I HATE the humidity. I’ve raced a few times in Florida and just wanted to die warming up. Not to mention it ruins my hair. I like it warm. 70’s 80’s. I don’t even mind running in places like Arizona when it’s in the 90’s, so long as it’s dry. Although, most of my personal bests have been in the rain! For some reason, I’ve always had a liking for blue tracks. Drake and North Carolina A&T have nice tracks. Those are probably my favourite. But honestly, I really like to train and race with good company. I could race in the rain on a cinder track so long as I was laughing and joking around with my training partners and friends. It’s important to have fun out there.
What is your fondest memory of running and, conversely, your worst?
My fondest memories are often small personal triumphs, when I did small things I never thought I could. When my body surprises me with its capabilities despite my doubts. I suppose my fondest memory was the first time I put on a Brooks Running neon yellow racing jersey at the USA Championships in 2010. I felt so honoured and so blessed that I cried. And my worst memory was losing the Olympic trials. Not making the team. I didn’t cry. I didn’t weep. I simply walked off the track defeated. It was the first time I ever felt defeated. Losing a race and feeling defeated are two very different things. I’ve lost many races. That’s a part of the sport. But there was always hope or room for improvement. After the Olympic Trials, there was nothing. There are no other words for something that breaks your heart and kills your hope – that is defeat.
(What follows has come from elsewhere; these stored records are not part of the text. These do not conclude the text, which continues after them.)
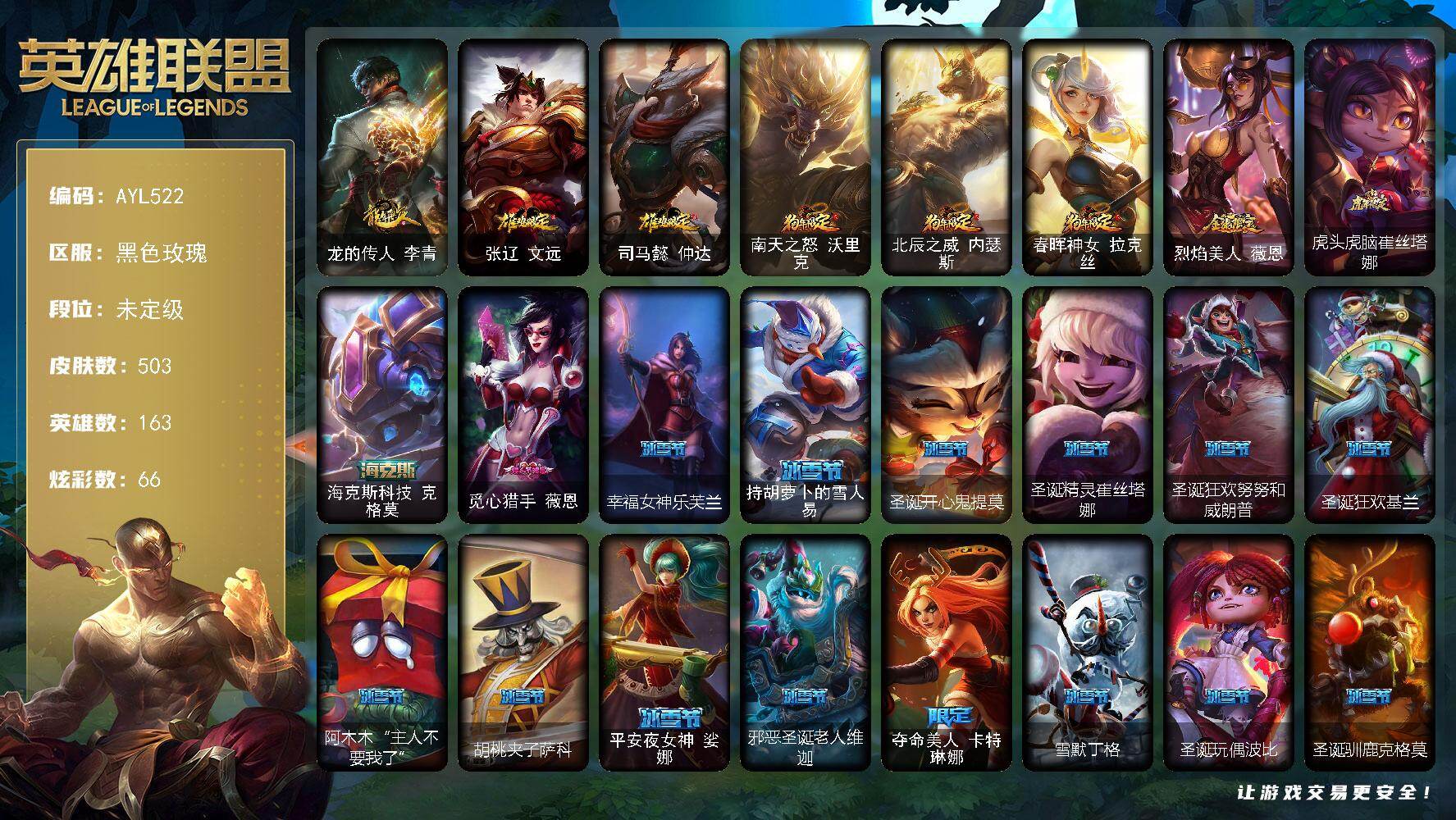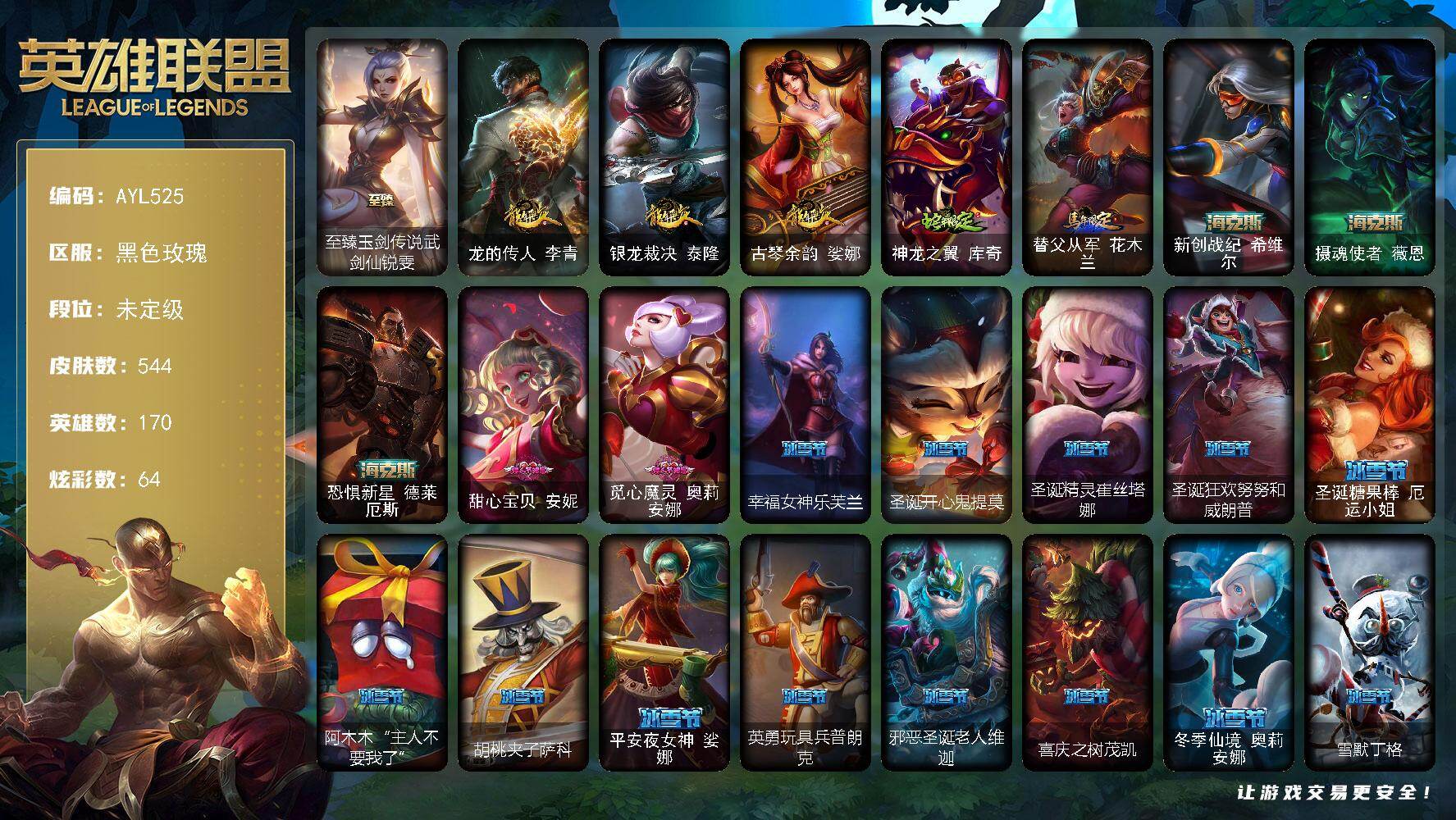 【店主推荐捡漏号】青铜段位-172英雄-551皮肤-245炫彩-1终极-9神话-87限定-52传说-143史诗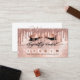 Modern, chic, trendy Rose Gold Lashes loyalty card. Design features faux glitter drips and set of eyelashes with rose gold faux foil, sparkly glitter background and typography script. Personalise with your discount details on the front and contact details on the back.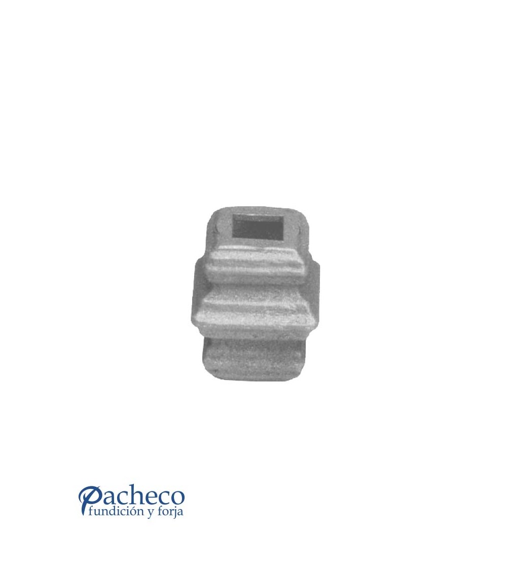 Macolla de hierro forjado utilizado como adorno de forja decorativa fabricado con hierro dulce, maleable y forjado en caliente. Este accesorio en hierro forjado se utiliza en barrotes de forja, verjas de forja o adornos de forja para rejas. Se combina con balaustres cuadrados. La medida estándar es de 45 mm alto x 40 mm ancho. Piezas y accesorios para forja a medida, también realizamos cualquier diseño de forja decorativa y forja artística. Consulta a nuestro equipo de diseño especializado. Aquí los límites del metal, los pones tú. Llámanos para informarte al 923 24 33 98 o escríbenos a info@pachecoforja.com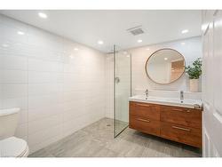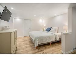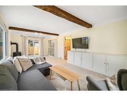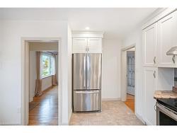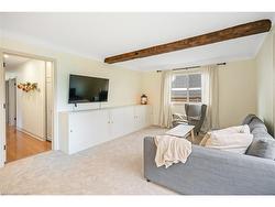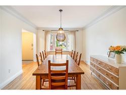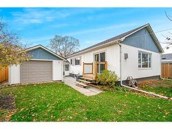 **OPEN HOUSE Saturday December 6th - 2pm to 4pm** Located in the heart of the north end, within walking distance to the neighbouhood park and school, this meticulously maintained 1,400 square foot bungalow sits on a quiet, tree-lined street where families walk their dogs and neighbours still wave to one another. The stamped-concrete 4 car driveway and well-kept exterior immediately set the tone. A large detached garage with drive-through rear door adds convenience and versatility, while the enclosed breezeway keeps everyday coming and going comfortable in any season. Inside, the home feels warm, inviting, and exceptionally cared for. Hardwood flooring flows through the front living/dining area and then onwards to the hallway and bedrooms. The white and bright kitchen features stainless steel appliances, tiled backsplash, pot lighting, and a large window overlooking the front yard perfect for watching kids arrive from school or keeping an eye out for arriving guests or deliveries. The original living room is currently styled as a spacious dining room, although the layout easily adapts to suit your lifestyle. At the back of the home, a large main floor family room is perfect for everyday living. It features brand-new carpeting (November 2025), a freestanding gas fireplace, beamed ceiling, sliding patio doors, and a picture window overlooking the backyard. The 5-piece bathroom includes double sinks and a combined jetted tub with shower. The lower level currently functions as a full primary suite with vinyl plank flooring, pot lighting, a walk-in closet, rough-in for bar/kitchenette, and a modern 4-piece ensuite with tiled shower, glass panel, and double sinks. Mechanical updates include new furnace/hwt (2020), central air (2023), upgraded insulation in attic to R40 (2020), roof shingles (2024) plus all updated windows. The fully fenced, big and private backyard is designed for real-life enjoyment.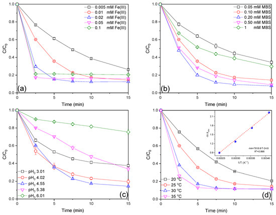 Effect of initial (a) Fe(III), (b) MBS concentration, (c) solution pH, and (d) reaction temperature on AO7 degradation efficiencies in the Fe(III)/MBS process (except for the investigated parameter, the other parameters were fixed at [AO7]0 = 0.02 mM, [Fe(III)]0 = 0.01 mM, [MBS]0 = 0.1 mM, T = 25 °C).

Where do you see yourself in six years?
To be honest, I plan to retire after Rio. I’d like to publish a book I’ve been working on in the next year or so. I’m a journalist and a writer. That has always been my passion. I hope to make it to Rio and then start writing full time. I’m also in the process of managing my parent’s tourist resorts. I hope I can both manage my parent’s resorts and write after I retire from running.